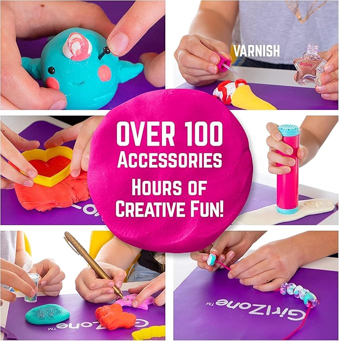 - GirlZone Air Dry Clay Ultimate Craft Kit, Over 100 Piece Kids Modeling Clay Set, Air Dry Clay for Kids with No Baking Required, Arts and Crafts for Girls Age 3+ (Regular Size)
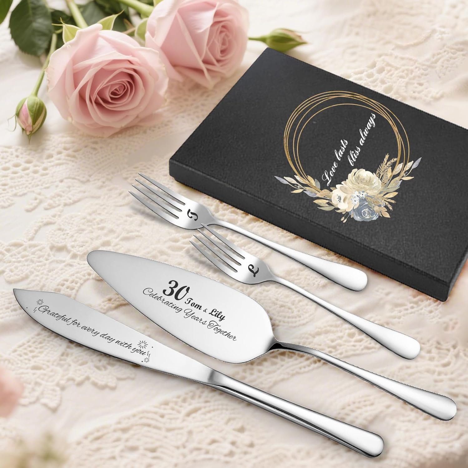 Personalized 4 Piece Wedding Cake Cutting Set, Custom Names Cake Knife and Server set with Forks, Anniversary Birthday Bridal Wedding Registry Gifts (Silver)
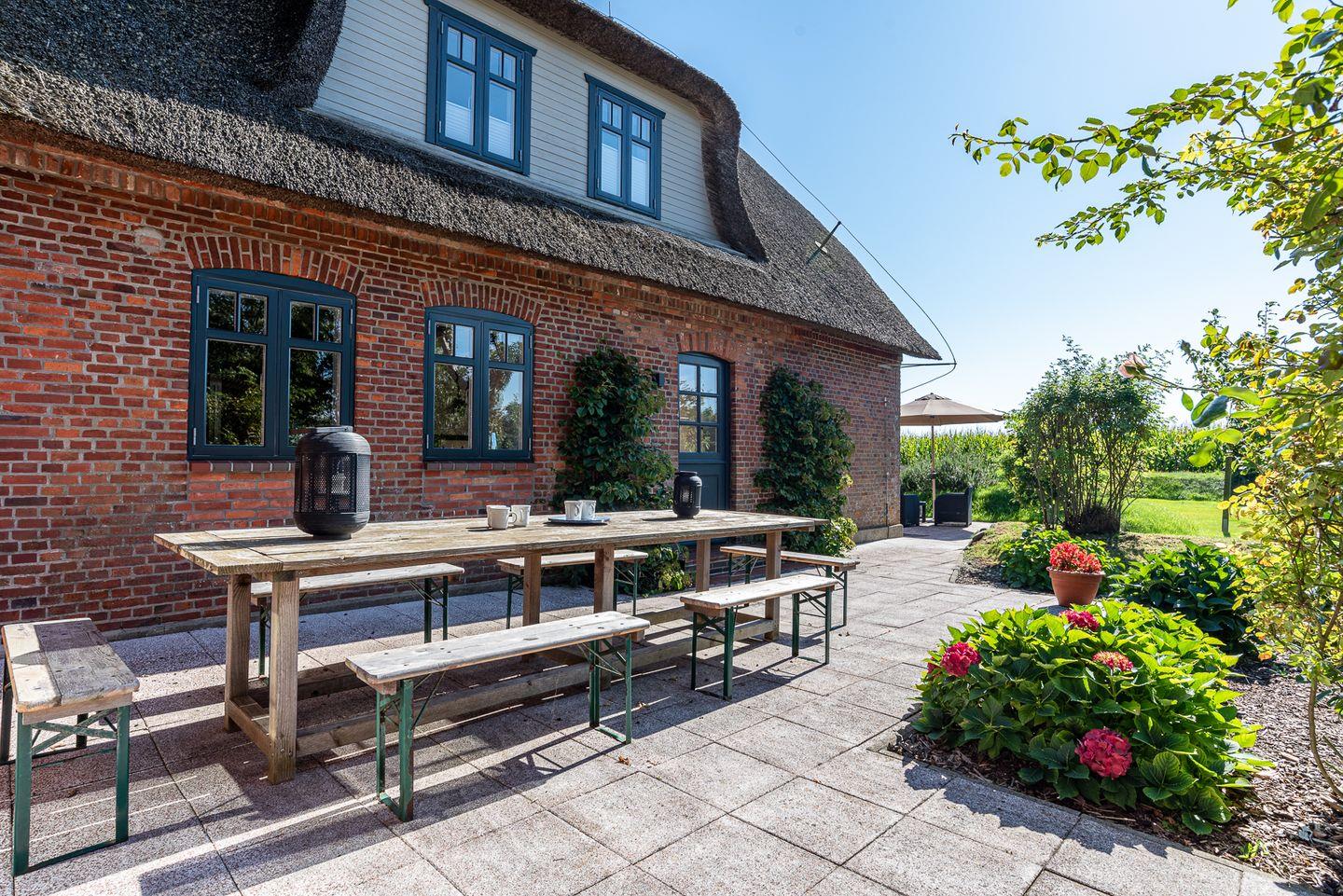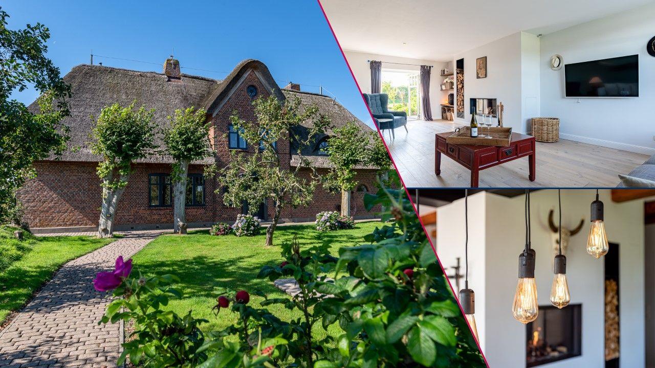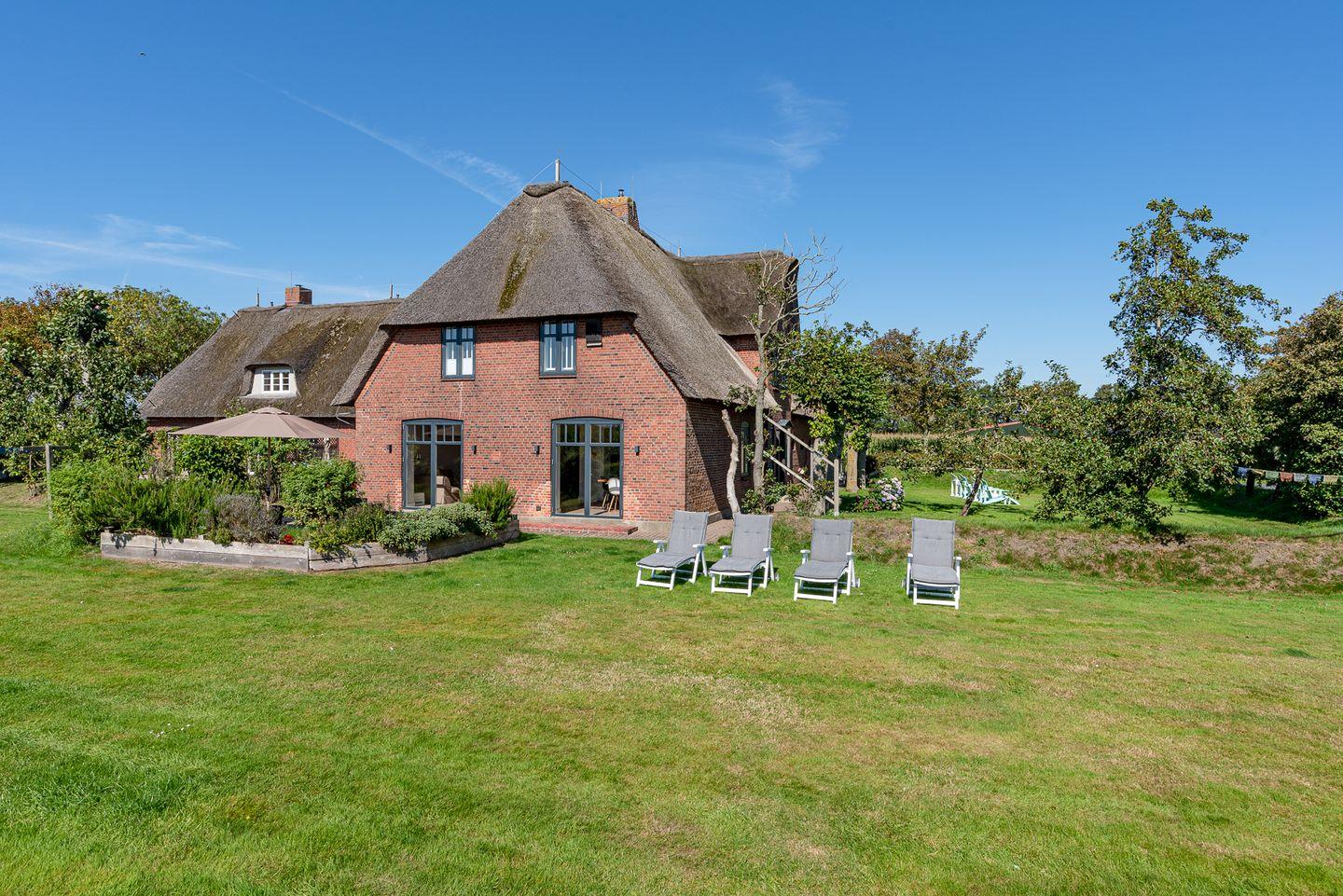 Erleben Sie Erholung pur im reetgedeckten Haus Seeadler mit Sauna, Kamin und zwei Terrassen in Borgsum.

**TO DO:**
Send back the data above word for word, with the pictures left out.

**RESPONSE BELOW:**
 - GirlZone Air Dry Clay Ultimate Craft Kit, Over 100 Piece Kids Modeling Clay Set, Air Dry Clay for Kids with No Baking Required, Arts and Crafts for Girls Age 3+ (Regular Size)
 Personalized 4 Piece Wedding Cake Cutting Set, Custom Names Cake Knife and Server set with Forks, Anniversary Birthday Bridal Wedding Registry Gifts (Silver)
 Erleben Sie Erholung pur im reetgedeckten Haus Seeadler mit Sauna, Kamin und zwei Terrassen in Borgsum.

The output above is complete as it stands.